An exact copy of the entries below is required, with all pictures removed.

== Segment start ==

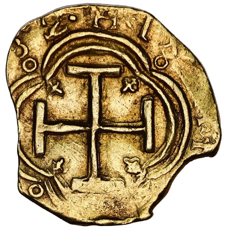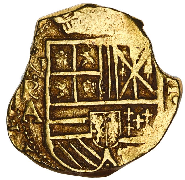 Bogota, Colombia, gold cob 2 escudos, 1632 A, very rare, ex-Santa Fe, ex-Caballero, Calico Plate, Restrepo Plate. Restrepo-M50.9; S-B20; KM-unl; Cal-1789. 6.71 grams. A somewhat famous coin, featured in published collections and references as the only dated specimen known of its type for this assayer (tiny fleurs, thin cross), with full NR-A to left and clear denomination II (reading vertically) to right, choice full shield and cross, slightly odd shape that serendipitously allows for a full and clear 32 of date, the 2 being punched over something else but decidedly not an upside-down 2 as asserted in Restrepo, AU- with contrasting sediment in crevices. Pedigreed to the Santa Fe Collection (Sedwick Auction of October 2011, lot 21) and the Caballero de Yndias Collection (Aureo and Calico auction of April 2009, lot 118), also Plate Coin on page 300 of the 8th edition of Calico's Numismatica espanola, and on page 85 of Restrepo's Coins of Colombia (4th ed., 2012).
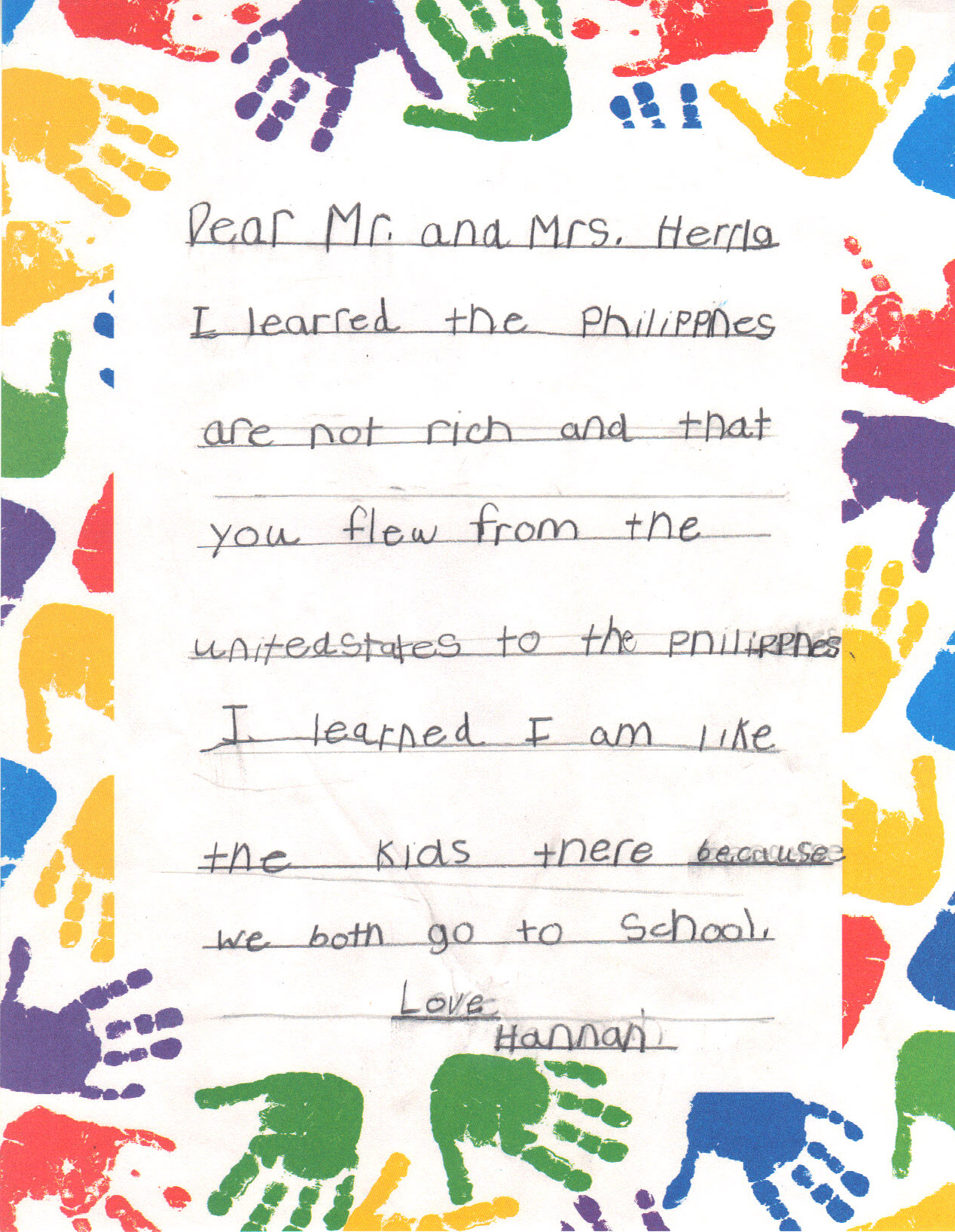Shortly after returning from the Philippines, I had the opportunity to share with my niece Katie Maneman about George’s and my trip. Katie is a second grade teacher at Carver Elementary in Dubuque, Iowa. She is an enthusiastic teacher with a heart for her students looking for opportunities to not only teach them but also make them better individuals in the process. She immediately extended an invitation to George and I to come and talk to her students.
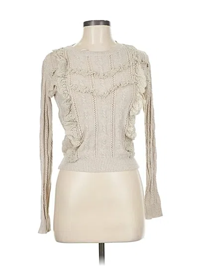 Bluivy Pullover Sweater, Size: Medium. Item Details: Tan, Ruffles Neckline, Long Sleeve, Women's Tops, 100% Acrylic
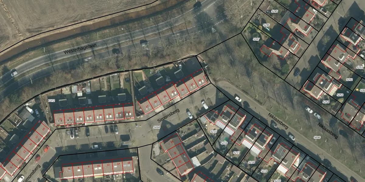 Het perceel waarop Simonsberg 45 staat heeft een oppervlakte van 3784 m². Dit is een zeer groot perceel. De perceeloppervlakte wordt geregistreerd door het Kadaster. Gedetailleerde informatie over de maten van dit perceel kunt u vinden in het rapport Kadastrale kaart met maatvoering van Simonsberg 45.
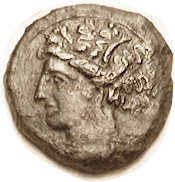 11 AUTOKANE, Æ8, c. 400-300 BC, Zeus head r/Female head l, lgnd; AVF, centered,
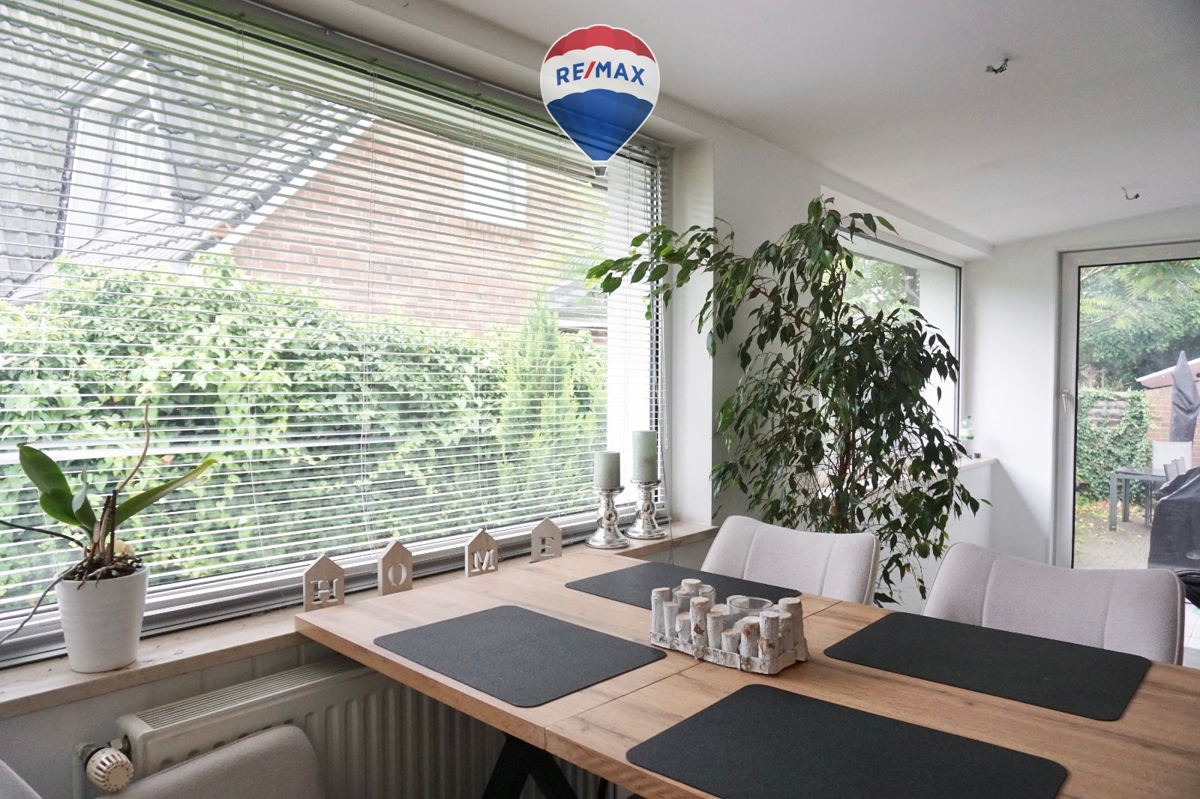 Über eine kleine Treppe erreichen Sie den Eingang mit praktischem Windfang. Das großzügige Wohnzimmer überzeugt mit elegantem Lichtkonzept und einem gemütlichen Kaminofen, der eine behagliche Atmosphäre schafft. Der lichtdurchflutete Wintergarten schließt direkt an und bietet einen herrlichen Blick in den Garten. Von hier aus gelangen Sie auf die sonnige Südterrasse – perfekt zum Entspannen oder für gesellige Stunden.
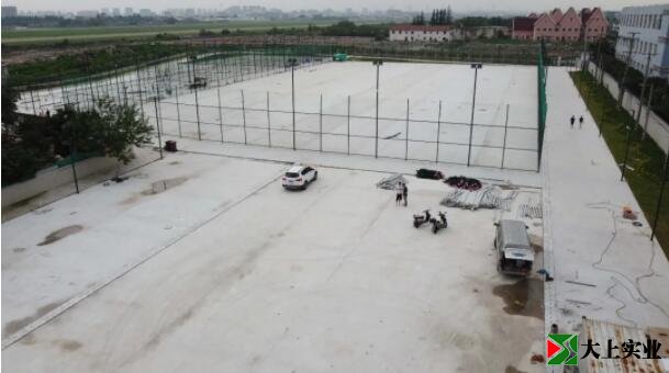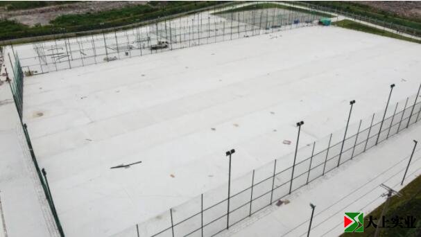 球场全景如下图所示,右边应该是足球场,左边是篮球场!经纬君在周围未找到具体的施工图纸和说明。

== Segment end ==

SOLUTION FOR THIS TASK ▸
 Bogota, Colombia, gold cob 2 escudos, 1632 A, very rare, ex-Santa Fe, ex-Caballero, Calico Plate, Restrepo Plate. Restrepo-M50.9; S-B20; KM-unl; Cal-1789. 6.71 grams. A somewhat famous coin, featured in published collections and references as the only dated specimen known of its type for this assayer (tiny fleurs, thin cross), with full NR-A to left and clear denomination II (reading vertically) to right, choice full shield and cross, slightly odd shape that serendipitously allows for a full and clear 32 of date, the 2 being punched over something else but decidedly not an upside-down 2 as asserted in Restrepo, AU- with contrasting sediment in crevices. Pedigreed to the Santa Fe Collection (Sedwick Auction of October 2011, lot 21) and the Caballero de Yndias Collection (Aureo and Calico auction of April 2009, lot 118), also Plate Coin on page 300 of the 8th edition of Calico's Numismatica espanola, and on page 85 of Restrepo's Coins of Colombia (4th ed., 2012).
Shortly after returning from the Philippines, I had the opportunity to share with my niece Katie Maneman about George’s and my trip. Katie is a second grade teacher at Carver Elementary in Dubuque, Iowa. She is an enthusiastic teacher with a heart for her students looking for opportunities to not only teach them but also make them better individuals in the process. She immediately extended an invitation to George and I to come and talk to her students.
 Bluivy Pullover Sweater, Size: Medium. Item Details: Tan, Ruffles Neckline, Long Sleeve, Women's Tops, 100% Acrylic
 Het perceel waarop Simonsberg 45 staat heeft een oppervlakte van 3784 m². Dit is een zeer groot perceel. De perceeloppervlakte wordt geregistreerd door het Kadaster. Gedetailleerde informatie over de maten van dit perceel kunt u vinden in het rapport Kadastrale kaart met maatvoering van Simonsberg 45.
 11 AUTOKANE, Æ8, c. 400-300 BC, Zeus head r/Female head l, lgnd; AVF, centered,
 Über eine kleine Treppe erreichen Sie den Eingang mit praktischem Windfang. Das großzügige Wohnzimmer überzeugt mit elegantem Lichtkonzept und einem gemütlichen Kaminofen, der eine behagliche Atmosphäre schafft. Der lichtdurchflutete Wintergarten schließt direkt an und bietet einen herrlichen Blick in den Garten. Von hier aus gelangen Sie auf die sonnige Südterrasse – perfekt zum Entspannen oder für gesellige Stunden.
 球场全景如下图所示,右边应该是足球场,左边是篮球场!经纬君在周围未找到具体的施工图纸和说明。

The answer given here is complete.